- **Directions**:
Nothing but the lines below from the one with "電梯教學模型(xíng)是根" through the one with "记者赶到现场时看到,事故处理" should be output, each exactly as given, and no pictures.

[Material provided]

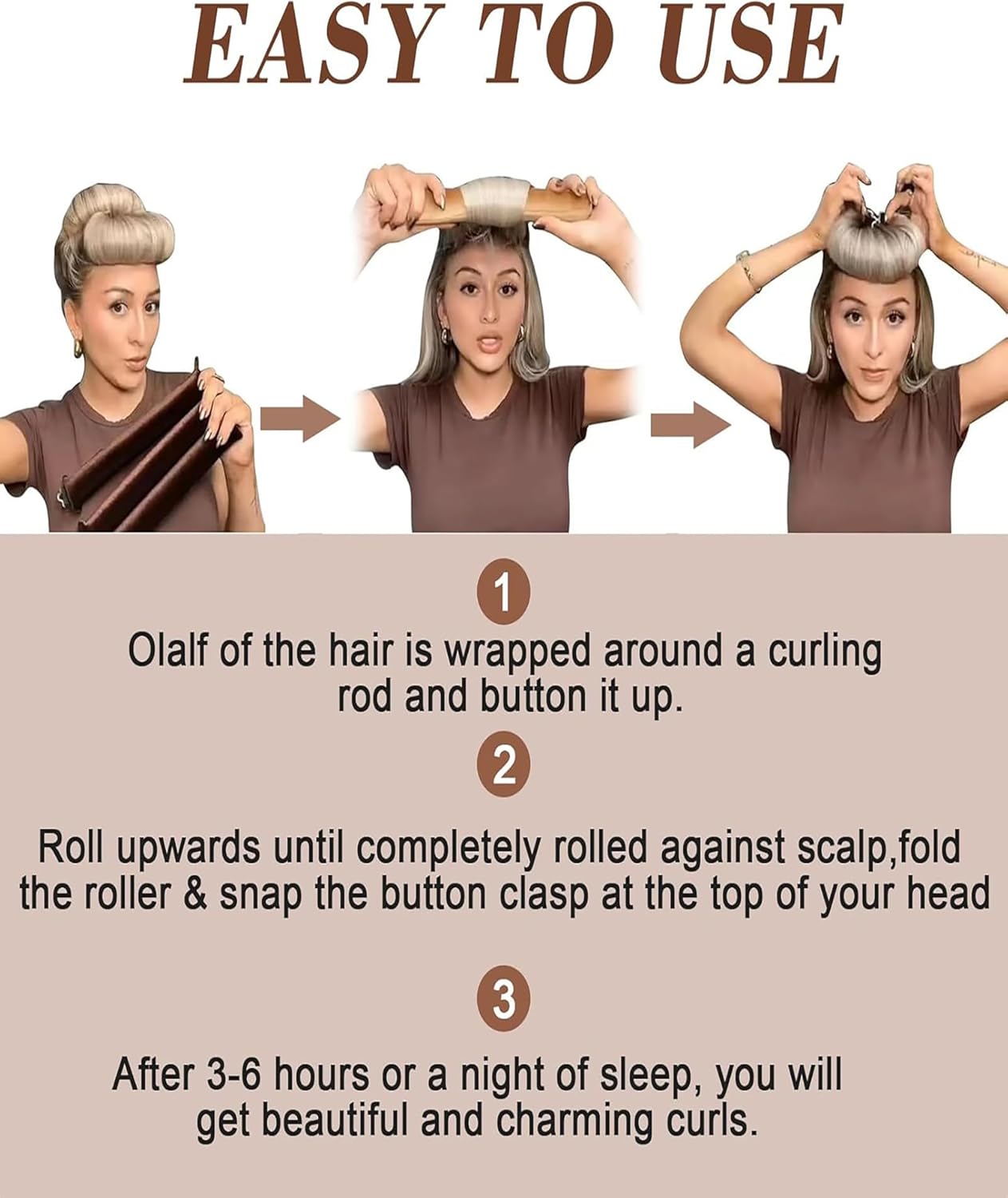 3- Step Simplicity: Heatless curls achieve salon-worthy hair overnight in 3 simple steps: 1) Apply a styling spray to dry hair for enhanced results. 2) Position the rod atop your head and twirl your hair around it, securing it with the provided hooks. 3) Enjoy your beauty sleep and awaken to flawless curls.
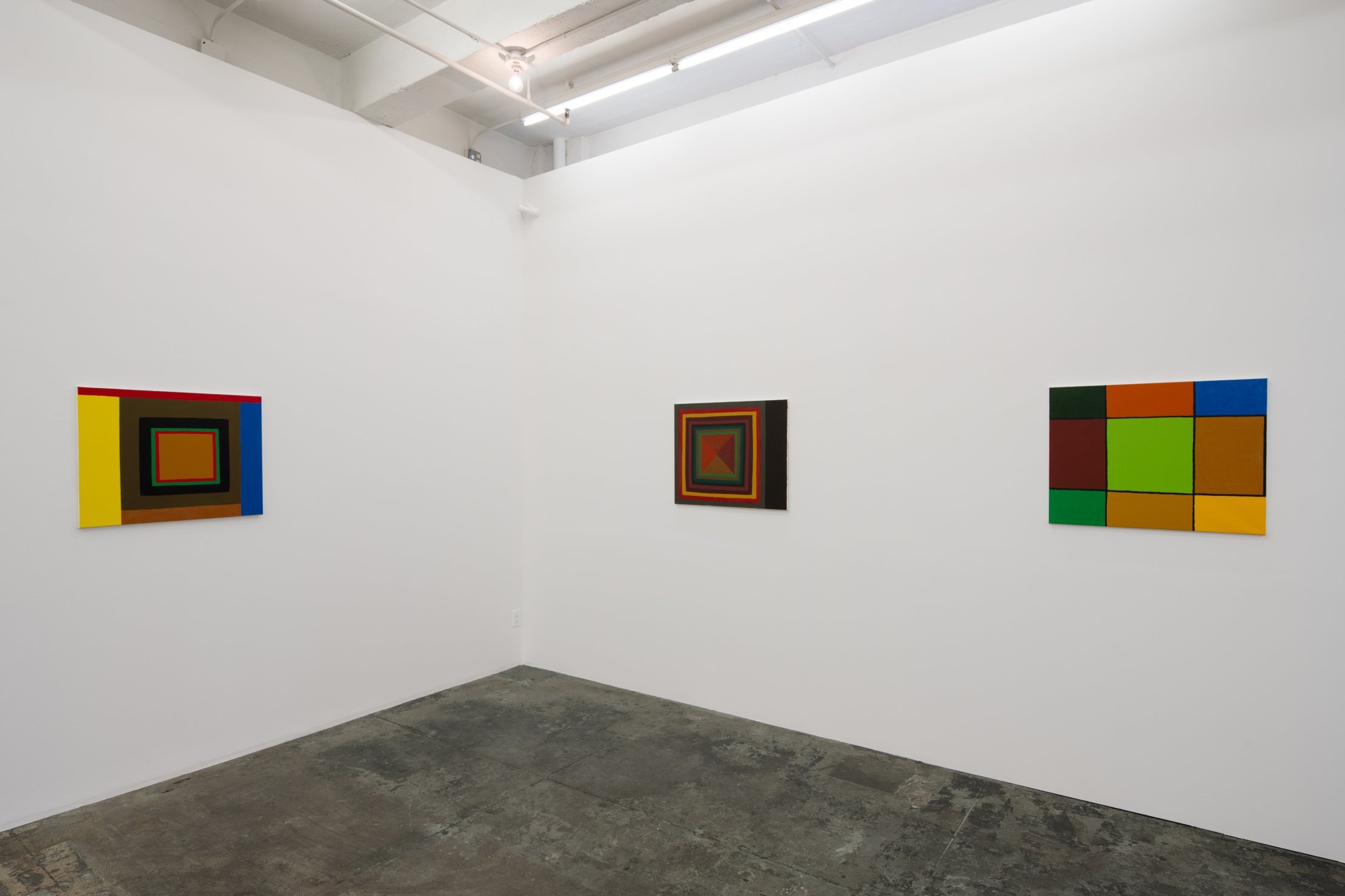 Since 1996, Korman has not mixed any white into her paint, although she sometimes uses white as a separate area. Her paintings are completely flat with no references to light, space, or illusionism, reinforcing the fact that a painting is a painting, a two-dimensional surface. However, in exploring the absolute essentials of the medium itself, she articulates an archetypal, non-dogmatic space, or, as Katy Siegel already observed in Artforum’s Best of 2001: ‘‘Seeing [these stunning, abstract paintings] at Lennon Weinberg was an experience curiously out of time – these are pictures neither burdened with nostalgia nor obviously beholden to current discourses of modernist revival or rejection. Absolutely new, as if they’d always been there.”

[/Material provided]
[Material provided]

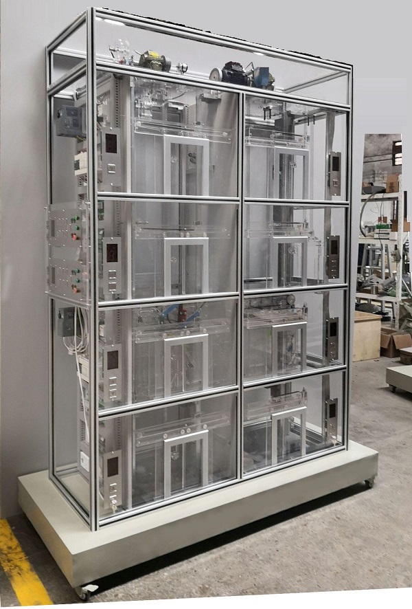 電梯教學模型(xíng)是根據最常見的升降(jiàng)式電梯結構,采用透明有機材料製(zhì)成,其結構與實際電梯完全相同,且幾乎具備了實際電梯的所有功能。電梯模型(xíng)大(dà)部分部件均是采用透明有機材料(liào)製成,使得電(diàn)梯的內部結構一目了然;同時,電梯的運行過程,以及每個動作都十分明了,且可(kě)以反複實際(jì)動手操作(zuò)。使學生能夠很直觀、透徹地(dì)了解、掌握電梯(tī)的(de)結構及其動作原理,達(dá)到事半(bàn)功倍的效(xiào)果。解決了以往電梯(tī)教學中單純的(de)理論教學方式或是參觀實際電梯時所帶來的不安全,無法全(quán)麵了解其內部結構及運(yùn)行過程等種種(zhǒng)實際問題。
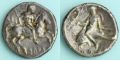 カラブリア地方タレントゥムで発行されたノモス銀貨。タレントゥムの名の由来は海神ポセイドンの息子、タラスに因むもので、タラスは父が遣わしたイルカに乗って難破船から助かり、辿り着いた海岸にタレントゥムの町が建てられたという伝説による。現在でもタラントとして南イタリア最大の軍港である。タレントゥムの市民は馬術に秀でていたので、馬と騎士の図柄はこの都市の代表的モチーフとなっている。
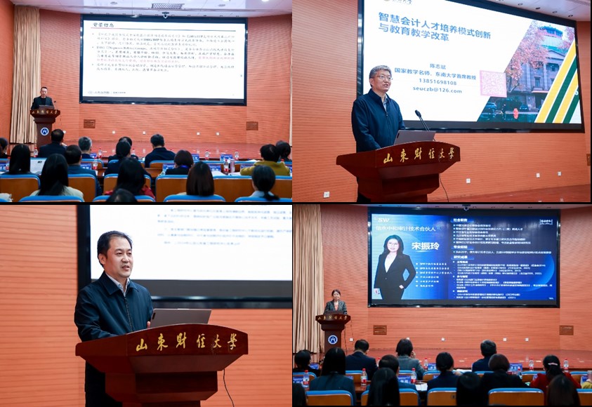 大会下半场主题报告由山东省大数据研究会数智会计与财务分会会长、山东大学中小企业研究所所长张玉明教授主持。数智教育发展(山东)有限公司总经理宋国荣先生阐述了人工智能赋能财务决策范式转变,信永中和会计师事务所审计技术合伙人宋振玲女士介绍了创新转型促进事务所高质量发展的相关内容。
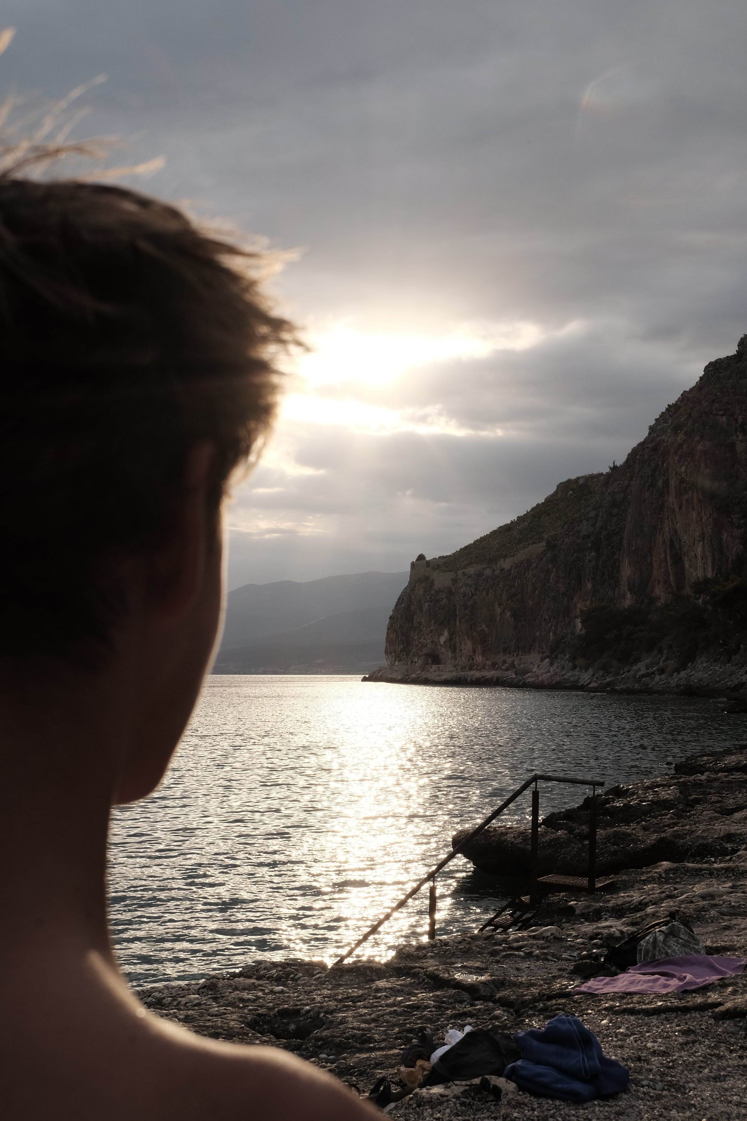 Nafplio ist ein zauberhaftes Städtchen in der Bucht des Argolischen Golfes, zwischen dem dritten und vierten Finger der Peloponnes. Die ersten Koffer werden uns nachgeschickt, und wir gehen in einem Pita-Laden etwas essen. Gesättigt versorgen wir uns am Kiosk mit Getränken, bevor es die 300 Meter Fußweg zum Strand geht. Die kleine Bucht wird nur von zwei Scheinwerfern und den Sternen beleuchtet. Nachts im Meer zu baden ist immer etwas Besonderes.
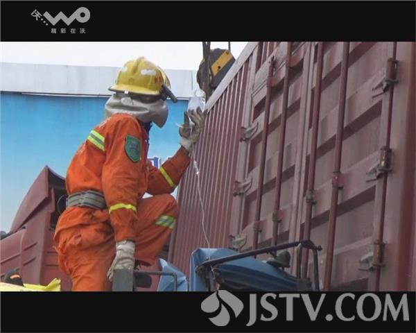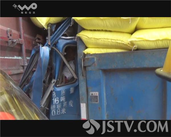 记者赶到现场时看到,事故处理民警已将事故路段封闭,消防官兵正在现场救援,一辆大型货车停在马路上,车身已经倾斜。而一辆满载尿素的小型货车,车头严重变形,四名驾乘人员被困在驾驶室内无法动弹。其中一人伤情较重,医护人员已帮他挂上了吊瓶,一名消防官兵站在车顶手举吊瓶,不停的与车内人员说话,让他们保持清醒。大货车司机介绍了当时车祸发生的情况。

[/Material provided]

- **Result of this task**:
 電梯教學模型(xíng)是根據最常見的升降(jiàng)式電梯結構,采用透明有機材料製(zhì)成,其結構與實際電梯完全相同,且幾乎具備了實際電梯的所有功能。電梯模型(xíng)大(dà)部分部件均是采用透明有機材料(liào)製成,使得電(diàn)梯的內部結構一目了然;同時,電梯的運行過程,以及每個動作都十分明了,且可(kě)以反複實際(jì)動手操作(zuò)。使學生能夠很直觀、透徹地(dì)了解、掌握電梯(tī)的(de)結構及其動作原理,達(dá)到事半(bàn)功倍的效(xiào)果。解決了以往電梯(tī)教學中單純的(de)理論教學方式或是參觀實際電梯時所帶來的不安全,無法全(quán)麵了解其內部結構及運(yùn)行過程等種種(zhǒng)實際問題。
 カラブリア地方タレントゥムで発行されたノモス銀貨。タレントゥムの名の由来は海神ポセイドンの息子、タラスに因むもので、タラスは父が遣わしたイルカに乗って難破船から助かり、辿り着いた海岸にタレントゥムの町が建てられたという伝説による。現在でもタラントとして南イタリア最大の軍港である。タレントゥムの市民は馬術に秀でていたので、馬と騎士の図柄はこの都市の代表的モチーフとなっている。
 大会下半场主题报告由山东省大数据研究会数智会计与财务分会会长、山东大学中小企业研究所所长张玉明教授主持。数智教育发展(山东)有限公司总经理宋国荣先生阐述了人工智能赋能财务决策范式转变,信永中和会计师事务所审计技术合伙人宋振玲女士介绍了创新转型促进事务所高质量发展的相关内容。
 Nafplio ist ein zauberhaftes Städtchen in der Bucht des Argolischen Golfes, zwischen dem dritten und vierten Finger der Peloponnes. Die ersten Koffer werden uns nachgeschickt, und wir gehen in einem Pita-Laden etwas essen. Gesättigt versorgen wir uns am Kiosk mit Getränken, bevor es die 300 Meter Fußweg zum Strand geht. Die kleine Bucht wird nur von zwei Scheinwerfern und den Sternen beleuchtet. Nachts im Meer zu baden ist immer etwas Besonderes.
 记者赶到现场时看到,事故处理民警已将事故路段封闭,消防官兵正在现场救援,一辆大型货车停在马路上,车身已经倾斜。而一辆满载尿素的小型货车,车头严重变形,四名驾乘人员被困在驾驶室内无法动弹。其中一人伤情较重,医护人员已帮他挂上了吊瓶,一名消防官兵站在车顶手举吊瓶,不停的与车内人员说话,让他们保持清醒。大货车司机介绍了当时车祸发生的情况。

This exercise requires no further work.